Primarily we offer raw sequence data cleanup, evaluation of sequencing run quality and troubleshooting based on interpretation of uncovered adaptors, sample tags, artifacts, sample insert sizes. Definitely, we do not offer “yet another adaptor removal tool”. Although are many tools around all are performing suboptimally. Not only in terms of algorithms but also in terms of queries. Nobody put so far enough effort to analyse existing issues so the existing tools do not look for the most queries we collected ourselves. Typically, users are left to find on their own what they want to look for, and trim away. Maybe they ask in some internet forum for some query sequences but everybody is clueless. Would anybody sink into the data for long enough, he/she would find plethora of issues and would evetually realize that the existing software tools are not made to handle them well. So, current solutions are fundamentally wrong.
To date the work on 2227 datasets showed that one or two adapter query sequences do not suffice, at all. Not even a hundred, sadly. Any adaptor-removing software should be able to interpret on the fly type of the experimental design and adjust to it by itself (and generate the query sequences on its own).
While most of our efforts went into Roche 454 datasets here are some general comments about our procedure. We analyze reads from every sequencing region independently and collect almost 50 parameters. From these we draw nice charts for each region, split reads by sample MIDs, etc. Actually, we generate plenty of charts (see example images). The key knowledge is a proper detection and exact localization of adapters and artifacts. It does not matter much whether the artifacts are related to the sequencing technology or preceeding sample preparation protocol.
The hunt for adapters / sample tags / artifacts involves hundreds of distinct searches through every raw sequencing read in the dataset and laborious comparison of their matches. Due to different types of sequencing errors popping out in some alignments we do not even use a single tool for the searches. Really, we use two tools independently and then go through their results and select one, the proper-one match to record an answer. Still this is not enough and in some cases we record even some additional backup matches. What a mess, right? Well, this is the reality.
The software was developed by a molecular biologist by education and heart, with molecular-biological interpretation of the problem in mind. The analyses so far have resulted in discrimination of dozens of different experimental setups, each is associated with its own issues and eventually sharing some common issues with another. A brief listing of available methods (differing by design) at Supported protocols page. Of course, in reality one can see even more variants. From the long listing of methods and from the text on this page it should be clear that there is really not a single query sequence, or two, or three … 😉 , to be used by Trimmomatic, Flexbar, whatever adaptor removal tool you know. Even if you would feed them with the right set of queries they would fail to find some matches, because the alignment-producing code cannot be universal. A lot of extra work is done in addition, to e.g. rescue some discarded candidate hits, select as the best match a hit which is sunk somewhere in the middle of the crowd, having sub-optimal score, e-value and other parameters.

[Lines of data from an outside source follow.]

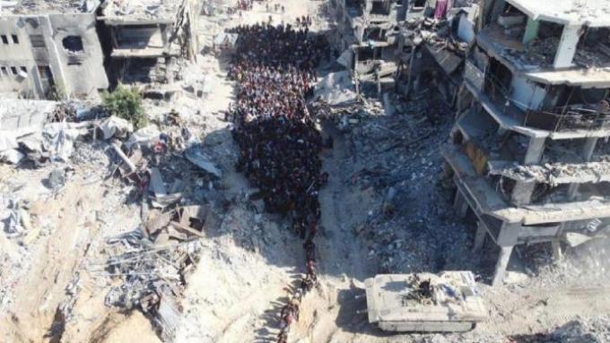 Ο ισραηλινός στρατός βομβαρδίζει καταφύγια εκτοπισμένων, εισβάλει σε νοσοκομεία, χτυπά κτίρια, με ντόπιους να καταφεύγουν στο τουίτερ για να περιγράψουν μια κόλαση όπου «ο θάνατος είναι παντού γύρω μας». Τις πρώτες 3 εβδομάδες είχαν σκοτωθεί πάνω από 1.000 άνθρωποι. Αναλογικά με τον πληθυσμό που έχει παραμείνει στη βόρεια Γάζα, ο ρυθμός εξόντωσης θυμίζει τους πρώτους 2 μήνες του πολέμου. Στις 23 Οκτώβρη, η ισραηλινή κυβέρνηση παραδέχτηκε δημόσια ότι δεν είχαν περάσει καθόλου τρόφιμα μέσα στον πολιορκημένο θύλακα, επιβεβαιώνοντας ότι επέβαλε συνθήκες λιμοκτονίας επί 3 τουλάχιστον εβδομάδες. Έκτοτε, ισχυρίζεται ότι πέρασαν «κάποια φορτηγά», χωρίς να παρουσιάζει όμως αποδείξεις. Τα διασωστικά συνεργεία, οι ανθρωπιστικές ΜΚΟ, οι ομάδες του ΠΟΥ για εμβολιασμό, έχουν ανακοινώσει ότι υποχρεώνονται να αναστείλουν κάθε δραστηριότητα. Ούτε η πείνα και η εξολόθρευση αρκούσαν για να πειστούν οι κάτοικοι της βόρειας Γάζας να φύγουν «εθελοντικά». Οπότε ο βίαιος εκτοπισμός πήρε ακόμα πιο άμεση-καταναγκαστική μορφή. Στρατιώτες κάνουν εφόδους σε καταφύγια και υποχρεώνουν τους πρόσφυγες να φύγουν προς τα νότια υπό την απειλή επιτόπου εκτέλεσης. Οι φωτογραφίες που δημοσιεύει ο Ισραηλινός στρατός με την ουδέτερη λεζάντα «Παλαιστίνιοι που αποχωρούν», επιβεβαιώνουν ότι πρόκειται για βίαιο εξαναγκασμό υπό την κάνη όπλων. Υπάρχουν δύο ειδών ουρές ανθρώπων που «αποχωρούν». Είτε απαρτίζονται αποκλειστικά από γυναίκες και παιδιά, είτε αποκλειστικά από άντρες άνω των 16 οι οποίοι κρατάνε στο χέρι την ταυτότητά τους. Αυτό που δεν αποτυπώνει ο φακός, είναι οι Ισραηλινοί στρατιώτες που υποχρεώνουν την πρώτη ουρά να συνεχίσει να προχωρά ενώ μεταφέρει τα μέλη της δεύτερης σε κέντρα κράτησης. Εν τω μεταξύ, ο στρατός πυρπολεί, καταστρέφει και ισοπεδώνει κάθε κτίριο που εκκενώνουν οι Παλαιστίνιοι -για να μην έχουν πουθενά να επιστρέψουν.
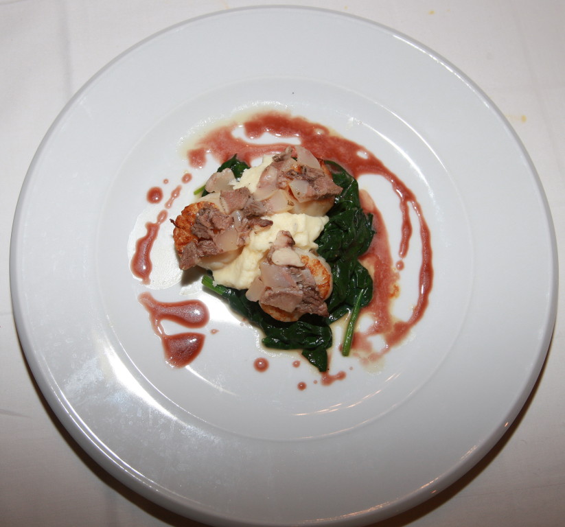 Jakobsmuschel mit geschmolzenem Kalbskopf
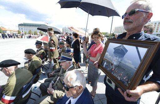 Polish officials and war veterans pay tribute to a World War II-era underground force that collaborated with Nazi German forces toward the end of the war in their battle against the Communists, who were imposing control on the nation, in Warsaw, Poland, Sunday, Aug. 11, 2019. President Andrzej Duda's official patronage and the presence of ruling party officials underlined the right-wing government's rehabilitation of a partisan unit that fought both Germans and Soviets and which is celebrated by the far right. (AP Photo/Czarek Sokolowski)
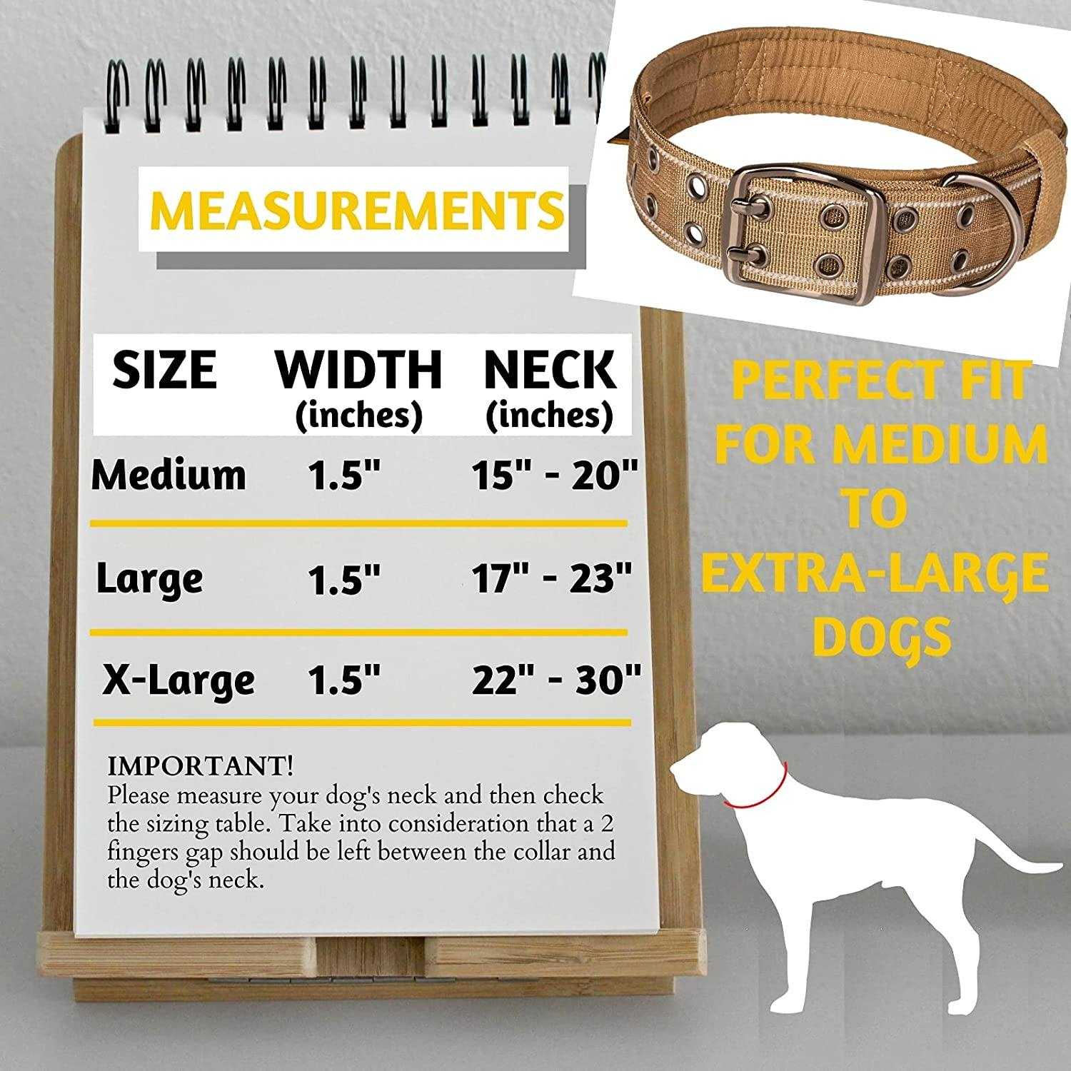 All-Purpose Dog Collar with Handle – Available in three sizes for puppies to senior dogs this tactical collar for dogs supports active pups from 55 lbs. to 150 lbs. which is ideal for German Shepherds, Labradors, Retrievers, Boxers, Huskies, and more.
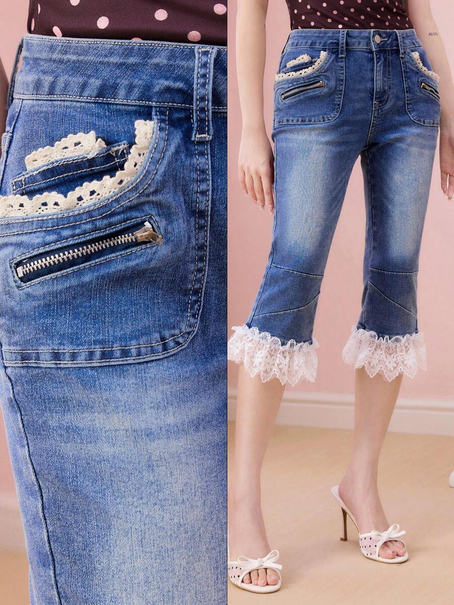 ROMWE Avant Women's Vintage Contrast Lace Waist Belt Decor Skinny Super Low Waist 7/8 Length Jeans
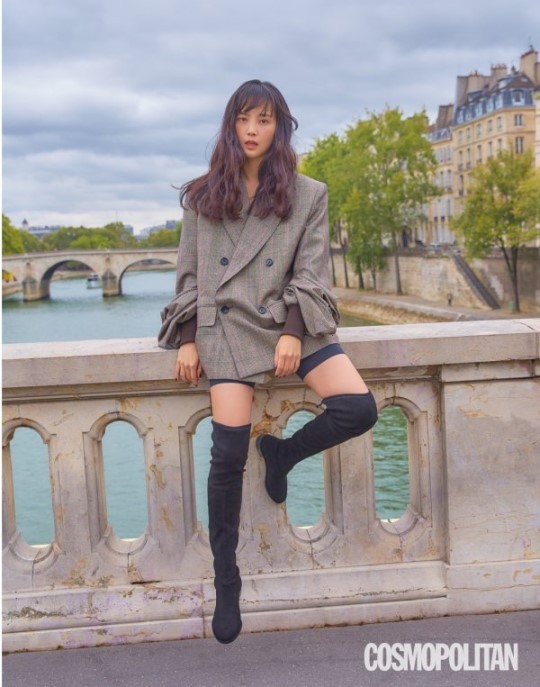 韩国女艺人尹胜雅不久前飞往法国,在巴黎街头拍摄了一组时装照。

The most effort we put so far into shotgun sequencing data. We did process also amplicon datasets but honestly, most amplicon users do not care about stuff which just does not align against their reference sequence. This is not to say there are no artifacts in amplicon sequencing. Not at all, there are many! It seems losses of sequencing capacity between 30 – 60 % are quite normal and “accepted”. However, for shotgun-sequencing and paired-end sequencing (using the amplicon setup in case Roche 454 protocols) one cannot neglect these issues. And that is where we can help as well.
We list here protocols used for sample preparation or followup sequencing. Protocols differ by their complexity and in turn by number of artifacts they inherently generate and also by their sequencing overhead (the ratio between usable nucleotides / sequenced nucleotides). Admittedly, general calculations of sequencing cost of achieved nucleotide per dollar fail in the sense that it does not matter how many nucleotides were output by software of the sequencer, no matter if we speak about so called ‘high-qual’ or ‘high+low qual’ basecalls. In contrary, what counts is how many of them remain after proper cleanup of the data from sequencing adaptors, sample tags, artifacts. Notably, there are datasets around from which merely nothing is left after cleanup.